Field of Science

David Greenglass and Robert Oppenheimer: A lesson from history

David Greenglass and Robert Oppenheimer
(Images: NYT and NDTV)
The name of David Greenglass must have almost completely faded from memory for people of my generation. Greenglass himself probably wanted his name to fade from all of history, although history is seldom so kind. The fact remains that not only did he spy for the Soviet Union on the Manhattan Project but he also likely betrayed his sister and sent her to the electric chair.

Greenglass who died quietly on July 1 at age 92 in a nursing home was the atomic spy who ferried secrets from Los Alamos to his sister and her husband, the infamous Rosenbergs. His obituary in the NYT appeared yesterday and it's interesting not only for the bygone era that it evokes, but even more so because it eerily comes on the heels of another article from the NYT two days ago, this one documenting the release of the complete transcript of Robert Oppenheimer's 1954 security hearing. In death Greenglass and Oppenheimer strangely join hands in teaching all of us some valuable lessons.

Their stories are both instructive tales of misguided priorities and the kind of paranoia and intolerance of freedom of expression that war and peace can both engender. The reason why the simultaneous appearance of stories about these two men is so striking is because it reminded me of one of the greatest ironies of the Manhattan Project: the fact that in spite of what was considered watertight security, Klaus Fuchs and David Greenglass were literally carrying out secrets of the highest importance through the front gate while the director of the project had his phone tapped and was being interrogated about past communist "associations". A greater misapplication of the security apparatus has seldom manifested itself.

Greenglass and Fuchs both gave away key secrets on the implosion design of the plutonium bomb - the only real secret as such that the project unearthed - and they did this under the noses of what was supposed to be one of the most sophisticated and tightly controlled security organizations on the face of the planet. Greenglass's life also indicates how sometimes the most ordinary of men can acquire extraordinary significance in the annals of history: Greenglass was a rather lowly machinist, by all accounts not a very intelligent and well-educated man, who by sheer luck ended up in Los Alamos via Oak Ridge, TN. When his brother-in-law Julius found out where he was working he must have drooled at the possibility of getting his hands on crucial atomic information for the Soviets. Julius convinced Greenglass's sister Ethel to convince her brother to pass on secrets, all in the name of camaraderie with Uncle Joe of course.

After the war, when Klaus Fuchs who was the really significant spy confessed, he implicated Harry Gold, the courier who was the go-between between the Rosenbergs, Greenglass and Fuchs. Gold in turn implicated Greenglass and the Rosenbergs. In 1951, in a kind of plea bargain which would spare his wife and give him a lenient sentence, David Greenglass took the stand against his sister and his testimony played an important part in ending the life of this mother of two. The real sinner seems to have been Julius, and how much Ethel really knew has been debated to this day. Nonetheless, it's clear that the Eisenhower administration wanted to make an example of the Rosenbergs so they were executed in the face of public protests in June 1953. In contrast the far more significant spy, Klaus Fuchs, was released after a mere nine years. One wonders how heavily his role in his sister's execution must have weighed on Greenglass's mind for the ensuing 60 years in that obscure nursing home.

Just a year later the monstrosity that was Cold War paranoia brought about the downfall of Robert Oppenheimer. In what will always be a black, shameful blot on the political history of this country, paranoid right-wing enemies of Oppenheimer had the government conduct a security hearing which interrogated Oppenheimer with the zeal of the Inquisition.
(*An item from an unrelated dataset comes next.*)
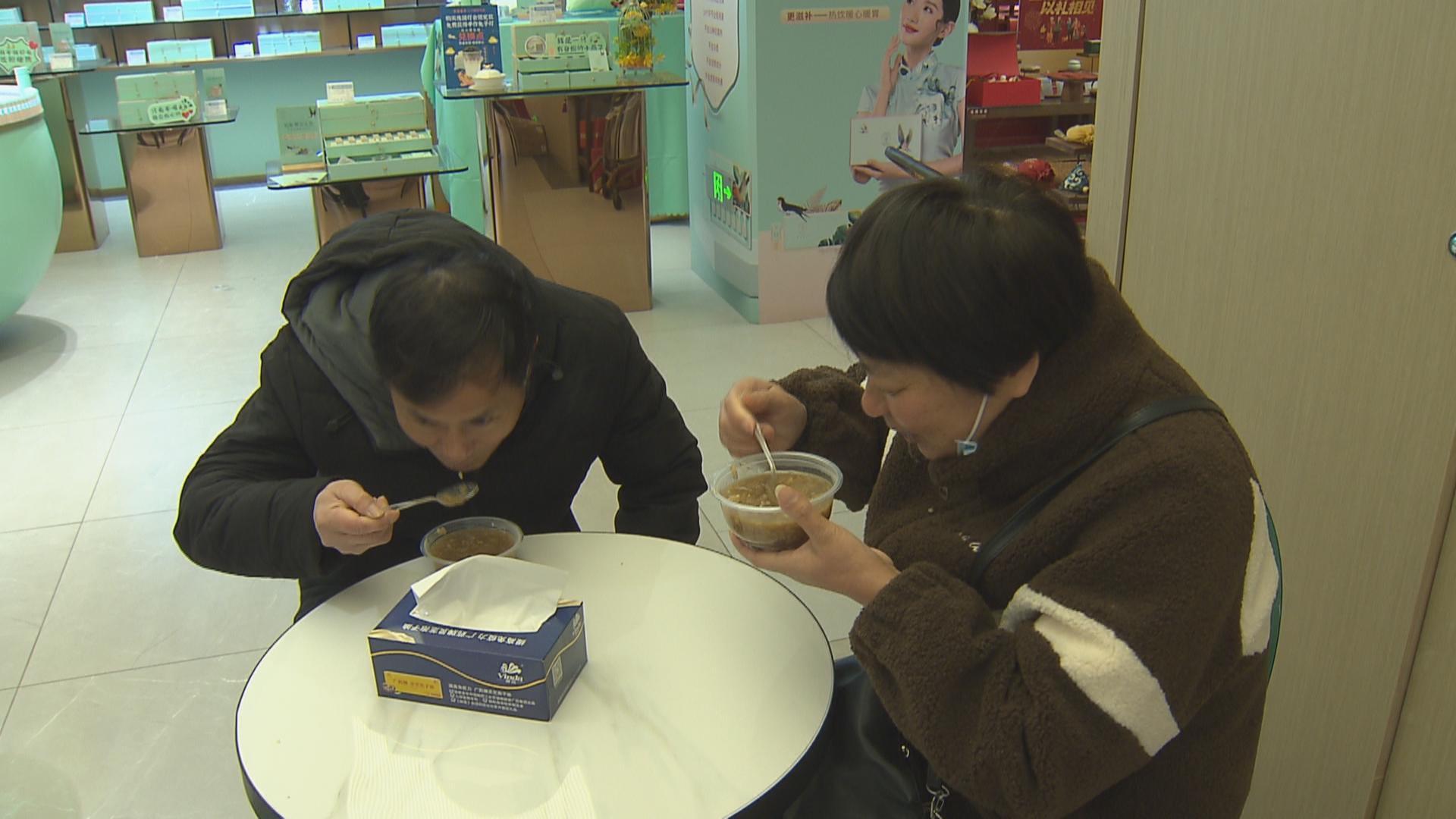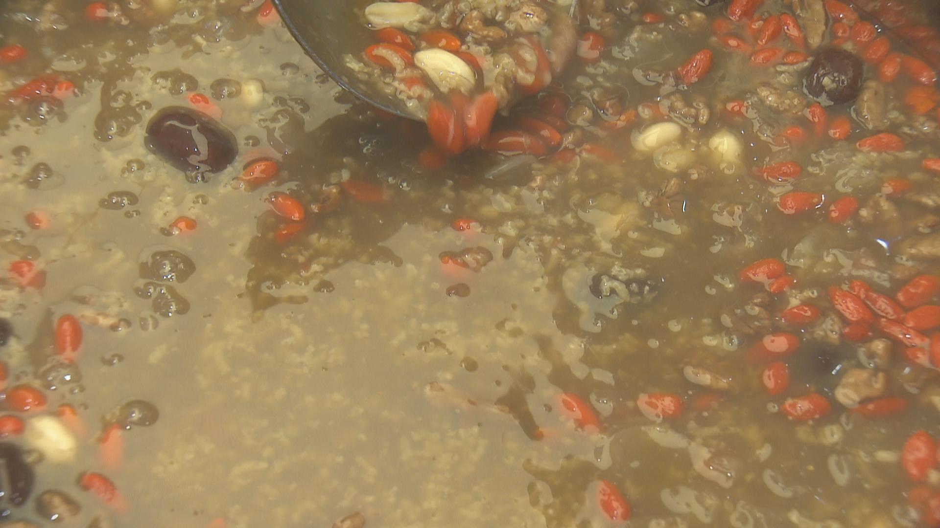“我们的粥三天前就准备了,米都是泡了一夜,大厨早上四点就起来熬制,才会特别地粘稠。因为今年当下疫情,还是很多咳嗽的大病初愈的顾客。我们腊八粥糖的量是减低了,一让大家不要有湿热产生痰。第二个,我们里面加了一些莲子、茯苓、枸杞这些温补清热的东西,综合了一下我们药效,有食补的效果。” 童涵春堂庙童店市场经理徐文婷告诉记者。

In a blatantly unconstitutional travesty of justice his phones were tapped and his lawyers were denied access to critical information under the pretext of national security. The father of the atomic bomb, a man who had given so much to his country and whose actions rendered him far more patriotic than those who were accusing him, left the hearing with his security clearance taken away and his spirit broken. The recent NYT article tells us what we knew for 60 years, that Oppenheimer was wholly loyal and exhibited no more than a sensitive liberal's awakening to experiments with different political philosophies. That it took the government 60 years to reveal the blindingly obvious is an indictment of a system of secrecy and classification which has fed upon itself for so long.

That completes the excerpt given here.